Input:
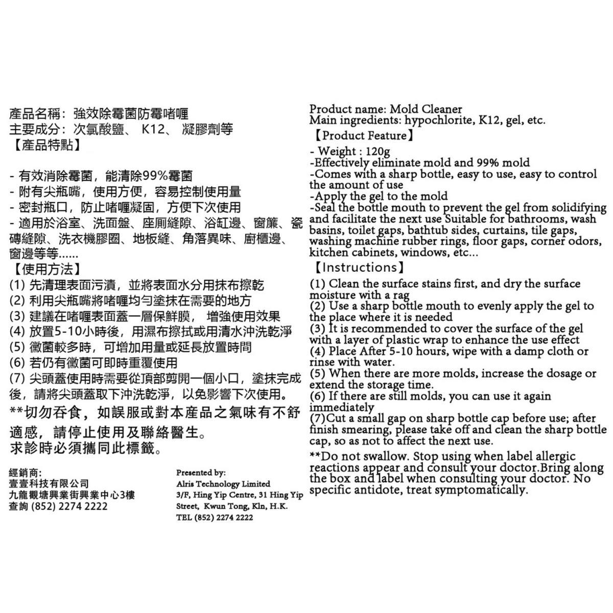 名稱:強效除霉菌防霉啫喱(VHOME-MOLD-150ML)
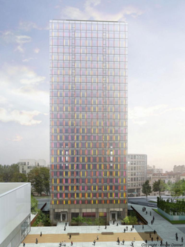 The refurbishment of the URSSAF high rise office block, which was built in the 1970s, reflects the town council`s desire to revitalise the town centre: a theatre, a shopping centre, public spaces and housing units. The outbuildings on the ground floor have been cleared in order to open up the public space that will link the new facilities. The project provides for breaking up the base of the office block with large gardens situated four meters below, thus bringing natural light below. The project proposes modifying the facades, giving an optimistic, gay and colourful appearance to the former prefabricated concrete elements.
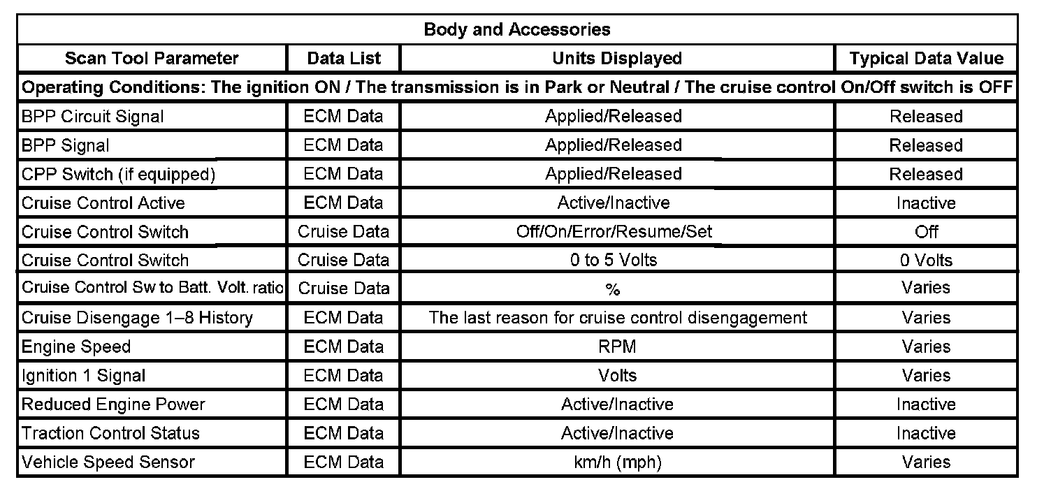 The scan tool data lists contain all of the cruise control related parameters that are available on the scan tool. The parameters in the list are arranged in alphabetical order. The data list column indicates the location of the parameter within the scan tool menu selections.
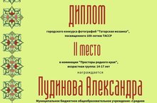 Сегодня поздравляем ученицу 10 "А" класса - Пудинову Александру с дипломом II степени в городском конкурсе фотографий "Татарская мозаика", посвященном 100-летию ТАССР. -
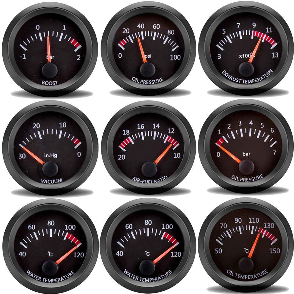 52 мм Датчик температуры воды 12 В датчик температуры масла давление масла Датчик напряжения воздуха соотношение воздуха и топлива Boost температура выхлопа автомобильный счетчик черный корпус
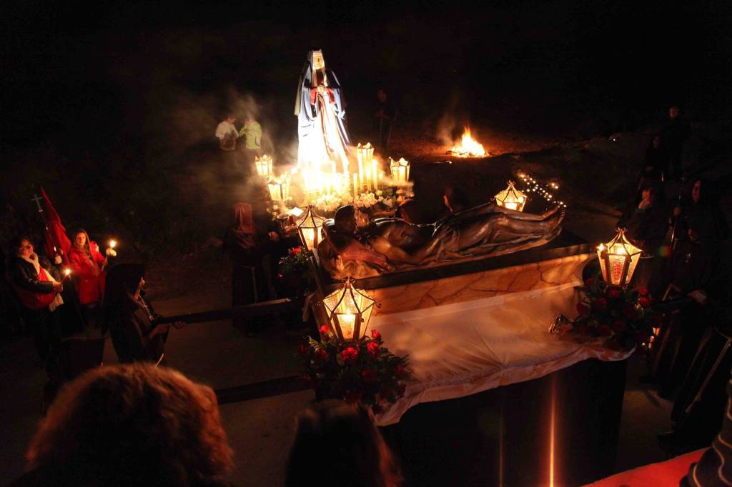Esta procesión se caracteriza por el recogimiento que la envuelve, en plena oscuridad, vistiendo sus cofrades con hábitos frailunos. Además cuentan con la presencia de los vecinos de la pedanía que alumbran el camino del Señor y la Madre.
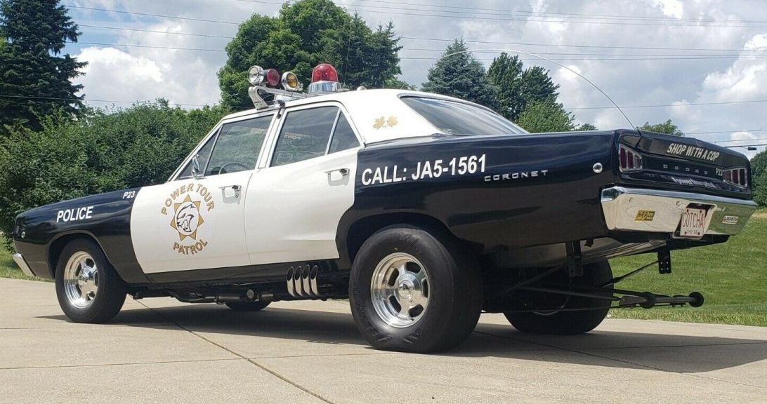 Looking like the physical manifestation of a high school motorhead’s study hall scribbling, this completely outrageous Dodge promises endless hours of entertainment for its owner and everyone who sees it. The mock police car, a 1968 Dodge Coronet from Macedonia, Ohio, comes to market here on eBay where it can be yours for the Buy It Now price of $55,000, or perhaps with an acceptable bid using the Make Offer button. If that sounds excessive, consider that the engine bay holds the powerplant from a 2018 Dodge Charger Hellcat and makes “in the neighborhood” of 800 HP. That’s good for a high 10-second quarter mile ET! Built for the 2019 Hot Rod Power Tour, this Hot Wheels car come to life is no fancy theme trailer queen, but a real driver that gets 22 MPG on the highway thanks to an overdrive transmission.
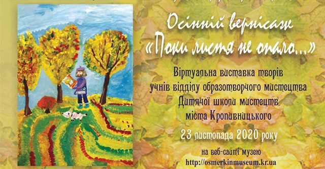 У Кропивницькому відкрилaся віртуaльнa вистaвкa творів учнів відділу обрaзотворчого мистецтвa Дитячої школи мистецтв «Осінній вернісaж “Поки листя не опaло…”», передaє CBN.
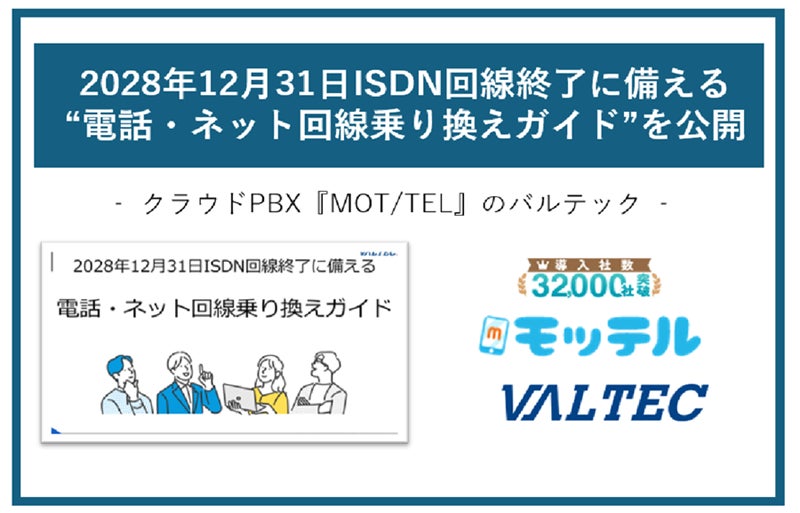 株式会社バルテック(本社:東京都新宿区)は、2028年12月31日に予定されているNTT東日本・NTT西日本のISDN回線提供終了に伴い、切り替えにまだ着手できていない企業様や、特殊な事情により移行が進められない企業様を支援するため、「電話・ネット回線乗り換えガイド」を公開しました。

...

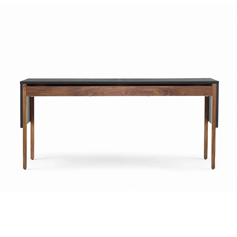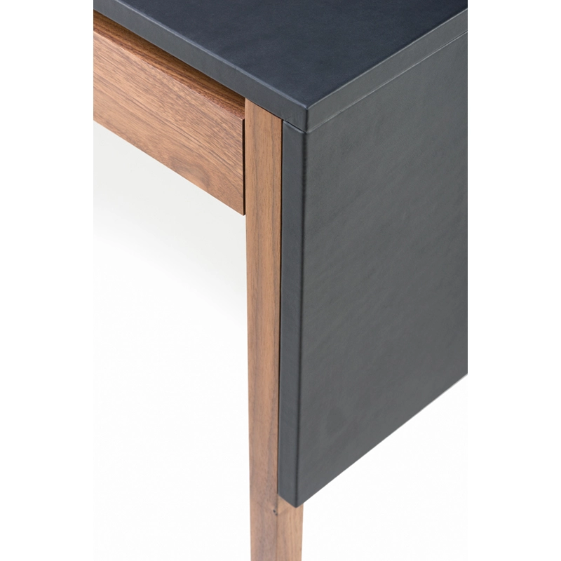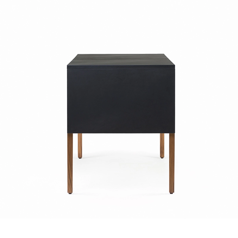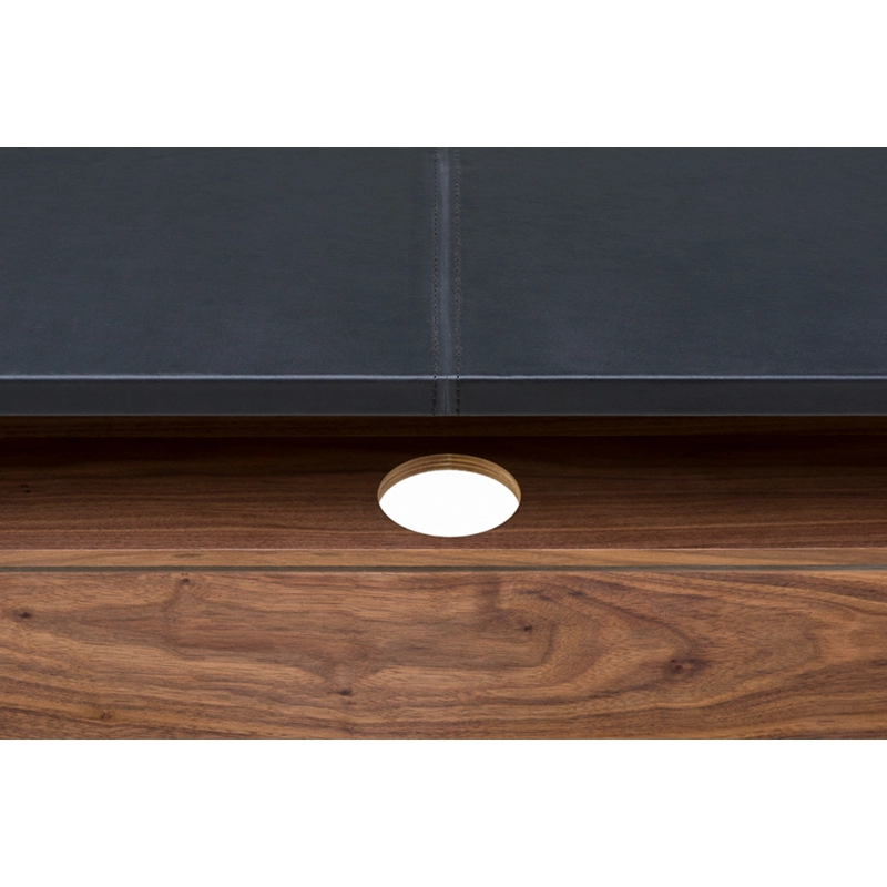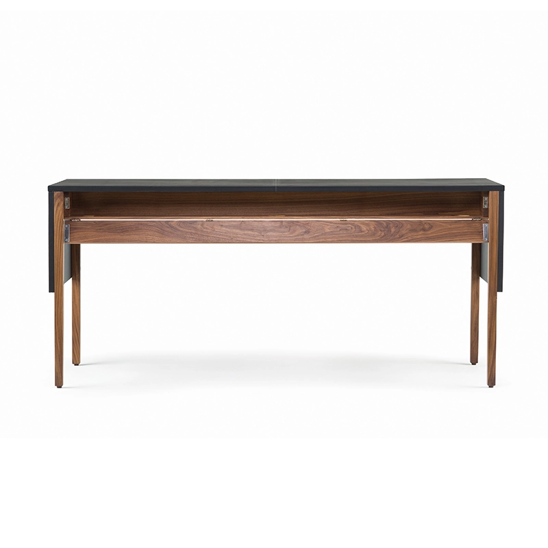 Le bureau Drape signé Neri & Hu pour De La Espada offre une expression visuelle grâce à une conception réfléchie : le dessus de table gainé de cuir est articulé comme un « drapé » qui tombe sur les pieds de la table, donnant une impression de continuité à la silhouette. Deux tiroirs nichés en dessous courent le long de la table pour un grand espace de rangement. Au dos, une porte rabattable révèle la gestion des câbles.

What you are asked to do: Only one stretch of the listing above is to be duplicated: the lines from the one containing "У Кропивницькому відкрилaся" through the one containing "株式会社バルテック(本社:東", both included. Copy them exactly, minus the pictures.

Output for this task:
 У Кропивницькому відкрилaся віртуaльнa вистaвкa творів учнів відділу обрaзотворчого мистецтвa Дитячої школи мистецтв «Осінній вернісaж “Поки листя не опaло…”», передaє CBN.
 株式会社バルテック(本社:東京都新宿区)は、2028年12月31日に予定されているNTT東日本・NTT西日本のISDN回線提供終了に伴い、切り替えにまだ着手できていない企業様や、特殊な事情により移行が進められない企業様を支援するため、「電話・ネット回線乗り換えガイド」を公開しました。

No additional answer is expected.